Dans la maison d’un moine bouddhiste d’un quartier cossu d’une banlieue de l’est parisien va se tenir, vendredi 30 novembre, la première prière pour des homosexuels musulmans. La salle de dix mètres carrés dans laquelle Ludovic-Mohamed Zahed, porteur de ce projet, s’installe deviendra la première mosquée ultra-progressiste d’Europe, un espace à la fois « gay-friendly » et féministe, où seront accueillis homosexuels, transgenres et transsexuels, et où les femmes seront encouragées à mener la prière.
Ce Franco-Algérien de 35 ans attend vingt musulmans. Mais le nombre de fidèles de cette mosquée atypique pourrait vite grimper, estime ce doctorant en anthropologie et psychologie. Son association, Homosexuels musulmans deFrance, aujourd’hui forte de 325 membres, a été créée en 2010 avec un petit groupe de six personnes, se souvient-il.
Le moine bouddhiste zen Federico Joko Procopio, homosexuel et militant des droits des lesbiennes, gays, bisexuels et transgenres, lui prête une pièce de son dojo par solidarité.
UN LIEU POUR SE SENTIR À L’AISE
Jusque-là, Ludovic-Mohamed Zahed priait chaque vendredi avec plusieurs milliers de fidèles dans la Grande Mosquée de Paris. Cet homosexuel musulman appréciait l’anonymat du lieu et le contenu, jamais politique, des prêches qui y étaient dispensés. Mais une telle combinaison est rare et, même dans la foule, certains individus, transsexuels en transition ou hommes efféminés notamment, sont « repérés tout de suite », dit-il. Il entend donc offrir un lieu à tous ceux qui pourraient ne pas se sentir à l’aise dans des lieux de culte traditionnels.

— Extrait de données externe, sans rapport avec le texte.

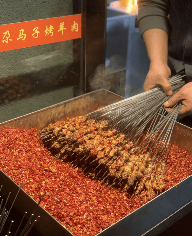 据数据显示,西北区域的烤串门店数呈现出较快的增长势头,同比增长达11.5%,位居全国第一。西北烧烤以牛羊肉为主,搭配红葱、辣椒、香茅草等特色调料,口味重、分量足,体现西北人的豪爽性格。如陕西的烤羊肉串注重羊肉与脂肪的搭配,甘肃的羊肉串使用手工碾制的辣椒面,保留粗粝口感,青海的烤羊肠、烤羊肚等特色菜品也独具风味。同时,新疆的红柳木穿肉、馕坑炉,甘肃的明火烧烤等器具和烹饪方式,赋予了烧烤独特的烟熏香气和风味。
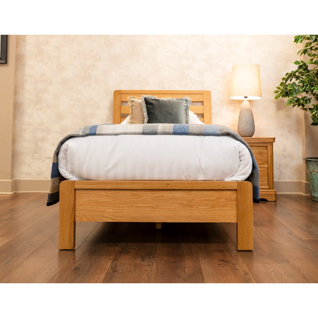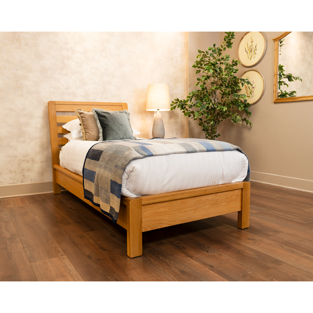 Discover the charm of the Victoria Single Bed Frame in Low-End Oak, a harmonious blend of affordability and enduring style. This bed frame is designed to provide both durability and timeless elegance, making it an ideal choice for budget-conscious homeowners without sacrificing quality or aesthetics.

Marié à un Sud-Africain depuis 2010, Zahed déclare : « Les musulmans ne doivent pas se sentir honteux. L’homosexualité n’est condamnée nulle part, ni dans le Coran ni dans la sunna. Si le prophète Mahomet était vivant, il marierait des couples d’homosexuels. » Il rêve d’un islam « apaisé, réformé, inclusif », qui accepterait le blasphème car « la pensée critique est essentielle pour ledéveloppement spirituel ».
« UNE ABERRATION »
Cette initiative n’a reçu le soutien d’aucune institution musulmane, de nombreux imams et personnalités de l’islam de France y voyant un projet contraire à la religion. « Il y a des musulmans homosexuels, ça existe, mais ouvrir une mosquée, c’est une aberration, parce que la religion, c’est pas ça », estime Abdallah Zekri, président de l’Observatoire des actes islamophobes, sous l’autorité du Conseil français du culte musulman (CFCM).
« Nous ne culpabilisons pas les homosexuels, mais nous ne pouvons pas donnerune place à cette pratique au point qu’elle devienne un aspect de la société », renchérit Dalil Boubakeur, recteur de la Grande Mosquée de Paris. Pour lui, cette mosquée ne saurait être reconnue. « C’est quelque chose d’extracommunautaire », dit-il.
UNE PREMIÈRE EN EUROPE
Des mosquées dites « inclusives » existent déjà en Afrique du Sud, aux Etats-Unis et au Canada, mais celle de Paris est une première en Europe. L’association Les musulmans pour les valeurs progressistes, lancée en 2007 aux Etats-Unis, a recensé une dizaine de lieux de culte similaires en Amérique du Nord.
« Le but de ces musulmans qui se désignent progressistes n’est pas de s’en tenir à la seule ‘défense’ d’une minorité sexuelle dans le cadre d’une interprétation de l’islam qu’ils jugent intolérante et obsolète à partir de leur expérience discriminée », explique Florence Bergeaud-Blackler, chercheur associée à l’Institut de recherches et d’études sur le monde arabe et musulman. « Ils veulent réformer,promouvoir un islam inclusif de valeurs progressistes », ajoute-t-elle.